**TASK PROMPT**
In the material below, begin at the line that has "Nach sieben Seillängen", stop after the line that has "- เวลา 08.30", and transcribe those lines exactly, without pictures.

**RECORDS FOR THIS EXERCISE**

────────

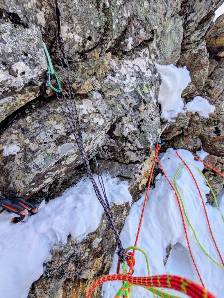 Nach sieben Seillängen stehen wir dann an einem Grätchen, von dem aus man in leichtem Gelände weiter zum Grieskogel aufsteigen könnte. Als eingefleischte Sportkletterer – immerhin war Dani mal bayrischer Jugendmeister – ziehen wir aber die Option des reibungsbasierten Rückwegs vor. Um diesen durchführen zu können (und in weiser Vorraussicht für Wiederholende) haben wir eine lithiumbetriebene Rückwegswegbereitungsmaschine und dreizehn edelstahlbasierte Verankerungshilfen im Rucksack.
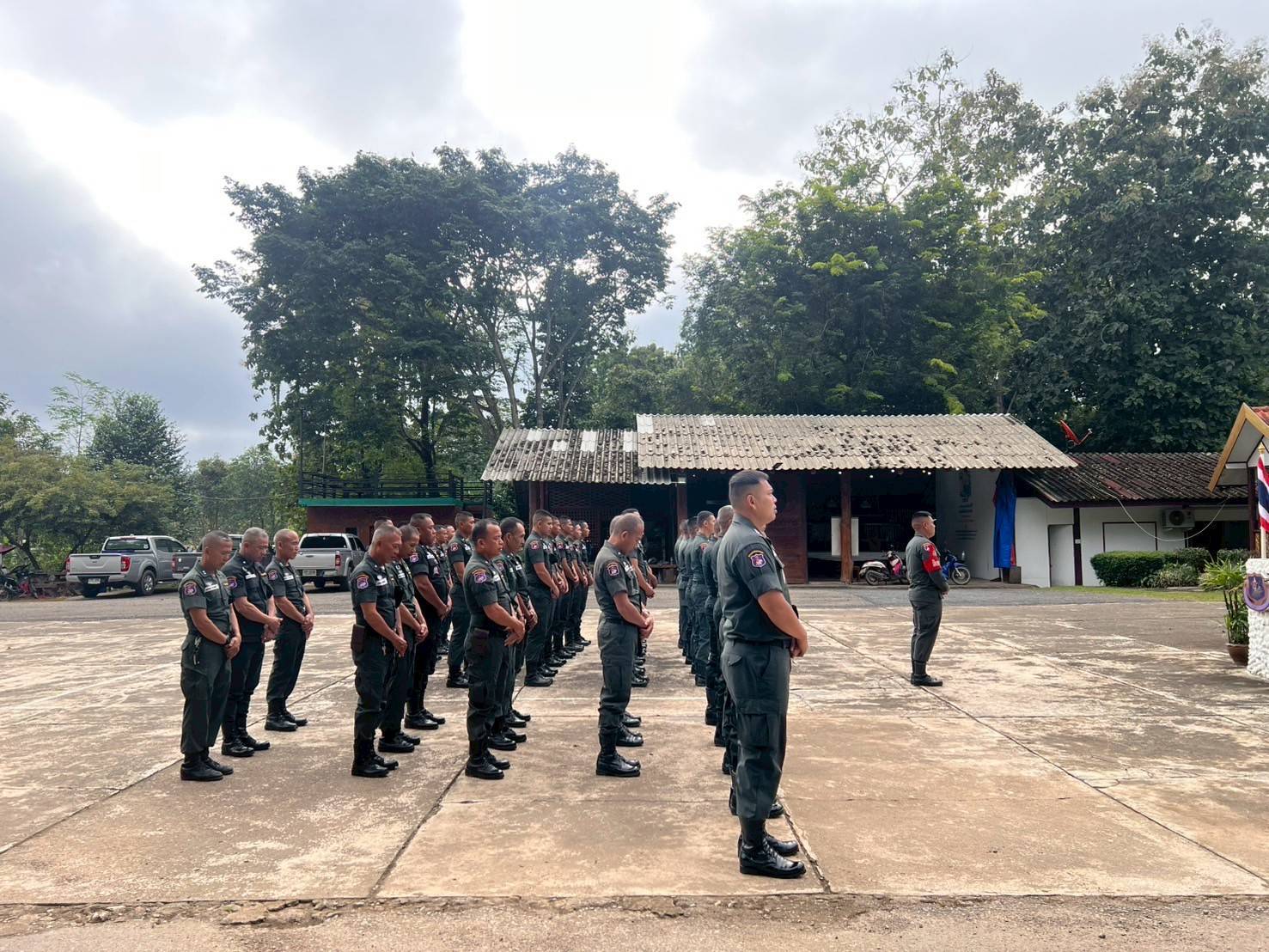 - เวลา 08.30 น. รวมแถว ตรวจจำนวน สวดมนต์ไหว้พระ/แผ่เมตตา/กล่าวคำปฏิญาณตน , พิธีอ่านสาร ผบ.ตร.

────────

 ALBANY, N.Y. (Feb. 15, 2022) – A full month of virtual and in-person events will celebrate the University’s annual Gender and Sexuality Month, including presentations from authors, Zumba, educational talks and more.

────────

**WRITTEN SOLUTION**
 Nach sieben Seillängen stehen wir dann an einem Grätchen, von dem aus man in leichtem Gelände weiter zum Grieskogel aufsteigen könnte. Als eingefleischte Sportkletterer – immerhin war Dani mal bayrischer Jugendmeister – ziehen wir aber die Option des reibungsbasierten Rückwegs vor. Um diesen durchführen zu können (und in weiser Vorraussicht für Wiederholende) haben wir eine lithiumbetriebene Rückwegswegbereitungsmaschine und dreizehn edelstahlbasierte Verankerungshilfen im Rucksack.
 - เวลา 08.30 น. รวมแถว ตรวจจำนวน สวดมนต์ไหว้พระ/แผ่เมตตา/กล่าวคำปฏิญาณตน , พิธีอ่านสาร ผบ.ตร.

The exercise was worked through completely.